‘The Long Arc’ A Welcome Distraction from all this Distraction

This week, more than others, has been paralyzing. I’ve felt an all-consuming draw to imprint the Kavanaugh hearings and the actions of the Senate Judiciary Committee, knowing this is a week we will think about and talk about for decades. It’s hard right now not to see dance as a distraction from this decisive moment in our country, or feel unjustified in taking the time to reflect on something other than looming questions about the nature of partisan politics and their corrosive effect on American idealism. I feel jaded and stuck, lacking confidence in a system that’s revered by the world as fair, and designed to keep corruption at bay. I’ve observed colleagues using current events to fuel their writing, perhaps less effectively than those who’ve spent their careers writing about politics. Artmakers, too, are negotiating an inherent need to respond that is natural and appropriate. But it’s hard to know when to let the world permeate your work, and when to stay in your lane, particularly when doing so gives the appearance of ignorance, or worse, ambivalence. This is in part what has kept me from promptly and adequately reflecting on The Long Arc, a split bill presented as part of Links Hall’s epic 40th anniversary season whose Sept. 23 edition featured developing works by Maya Odim and Anjal Chande. And it’s Chande’s solo, “This is How I Feel Today,” which beautifully navigates this gray space between the personal and the political, between the broad view and a narrow lens that we are arguably all negotiating this week, if not in general. 


Chande, who is taking a brief respite from a Fulbright fellowship year in Berlin to spend a week at home in Chicago, uses voiceovers, live spoken word, music and dance – her gorgeous use of contemporary bharatanatyam, to be specific – to muddle through her present-day musings about identity, race, politics, and a personal connection to family, specifically a special relationship she had with her grandpa.
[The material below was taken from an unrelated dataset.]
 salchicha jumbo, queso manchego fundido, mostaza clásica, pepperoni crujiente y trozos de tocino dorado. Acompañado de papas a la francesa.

This she relates to her identity as a classically trained bharatanatyam dancer, and the hierarchy of privilege surrounding the form, as accompanies the pursuit of many codified dance techniques. 


Behind her on the back wall of Links’ white space is a morphing animation of dots, lines, and vibrant colors, created in real time by graphic designer David Ofori-Amoah. It is this aspect, they claim, that is what most deems “This is How I Feel Today” a work-in-progress, but it reads like a sporadic visual output of radio waves and white noise – like the distraction is “the thing.” During this chaotic week of important distractions, that made sense to me. 
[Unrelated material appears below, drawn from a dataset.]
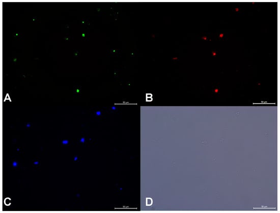 Immunofluorescence showing co-localization of neonatal cells at 10-days culture. Gonads were digested with trypsin and cultured at 21 °C in L-15 medium and 10% fetal bovine serum (FBS) (v/v). Cells were stained green for BrdU protein (A), red for Vasa protein (B) and blue for 4′,6-diamidino-2-phenylindole (DAPI) (C). (D) White light.

As Chande blends dance and text, much of which is an amalgam of personal and academic essays read from strips of fabric streaming from the waist of her bright white trousers, she stops at intervals to craft an abstract maze with purple painter’s tape on the floor. A plain white mug, the only other prop she employs, is a real, tangible reminder of moments in which she sat still with her grandpa, drinking tea, reflecting on the world, as we were then. 


Odim’s work, “Reach, Bury, Catch, Move, Hold” opened the long evening, a nearly hour-long, uneventful gaze at analog processes of making. Odim employs tools and techniques long forgotten in many western settings used to produce yarn, paper, pottery and baskets. Apart from a single 8-count phrase (a drop swing, a bent over crawling of hands, a drop to the floor) repeated too many times and a brief episode of break dancing, Odim’s movements are task-based, occupational, unassuming. She crouches at each of the crafting stations scattered about the space, oscillating between them, multi-tasking her creations, wiping her hands with a cloth or adjusting her tools and supplies. The scene is made more interesting by knowing that her supplies are sourced hyper-locally. DJs Gregory Dalphond and Chris Johnson mixed music live on two turntables in the upstage space with us seated in rows facing each other; with the DJs we form three sides of a tight box where the break dancing happens. While Dalphond and Johnson pay close attention to Odim, as do we, their choices about what to spin don’t appear to be specifically influenced by what’s happening in the space. And while the two solo performances on this evening reflected a similar theme of task and memory, and demonstrate an admirable degree of restraint, Odim appears to ignore – perhaps consciously – her role in creating an experience for us. I don’t know why that would be, but maybe that’s the point. Because for at least a few hours on a Sunday, I got to think about something else for awhile.